Medamana on the Road to Cologne

Mettmann itself is older than its famous valley would suggest. The town first appears in writing in 904 AD, in the charter of King Louis the Child, the last Carolingian ruler of East Francia. The name was then Medamana, meaning roughly 'between the streams,' and the location was no accident. The settlement sat on the strata coloniensis, the ancient Roman trade road running into Cologne. By 1363 Mettmann was one of eight administrative burghs in the Earldom of Berg and Julich. It received town privileges shortly after, with a wall, the right to choose a mayor, and the right to collect tolls. Under Napoleon, Mettmann became part of the Grand Duchy of Berg, run for ten years by Napoleon's brother-in-law Joachim Murat. After Napoleon fell at Leipzig, Prussia absorbed the town in 1815, and Prussian bureaucrats imported from Berlin proved unpopular enough to provoke the bread riots of 1848 and 1849.

Samba in Mettmann

Mettmann is no ordinary commuter suburb of Dusseldorf, though it could easily be one. The town has long hosted Brazilian cultural events, with samba dancers flown in for festivals and a sizable Brazilian community taking root over the decades. This odd Rhineland-Brazilian fusion became the subject of a 2004 film comedy, Samba in Mettmann, directed by Hape Kerkeling and Angelo Colagrossi. The town's broader demographic story is its own kind of testimony: Italian and Turkish guest workers came in the 1960s, refugees from the Lebanese Civil War and the Balkan Wars added later layers, and today the town's residents trace family histories to Turkey, Kurdistan, Poland, Greece, Croatia, Serbia, Albania, Bosnia, and Lebanon. For a place that began as Medamana 'between the streams,' Mettmann's modern flow of people has carried in arrivals from far beyond the Dussel valley.

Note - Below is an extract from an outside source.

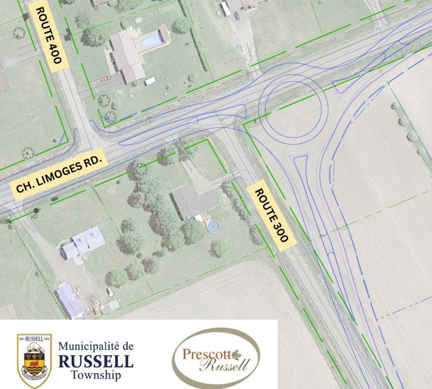 C’est aujourd’hui que commencent les travaux pour la construction du carrefour giratoire de l’intersection du chemin Limoges et de la Route 300. Chapeautés par les Comtés unis de Prescott et Russell, les travaux se termineront cet automne. L’objectif est d’améliorer la fluidité de la circulation en raison d’une croissance de la communauté. Le chemin Limoges demeurera ouvert durant la construction, mais la Route 300 sera fermée du chemin Limoges au chemin St-Thomas.

The Town That Survived Itself

Mettmann emerged from World War II almost untouched by bombing. The US Ninth Army liberated the town on 16 April 1945, and the British military administration moved in to oversee the redemocratization of the northern Rhineland. While Cologne and Dusseldorf were piles of brick dust, Mettmann's market square, its historic mansions with their dark slate facades, and its Marktkirche St. Lambertus were largely intact. The postwar Wirtschaftswunder economic miracle did the rest, expanding the town with refugees from the lost eastern territories and pulling in workers from the broader region. Today Mettmann is the administrative center of Germany's most densely populated rural district, an honor it earned in 1954, and one of the few towns in Germany whose central market still looks more or less like its eighteenth-century self.

From the Air

Mettmann lies at 51.25 north, 6.97 east, in the Bergisches Land, about 12 km east of Dusseldorf and 20 km west of Wuppertal. The Neander Valley itself runs east-west just south of the town. The nearest major airport is Dusseldorf International (EDDL), about 15 km west. From the air, look for the densely wooded valley of the Dussel stream cutting through gently rolling hills, with the town's slate-roofed historic core sitting just north of the river. The Bergisches Land is recognizable by its small folded ridges and patchwork of forest and meadow.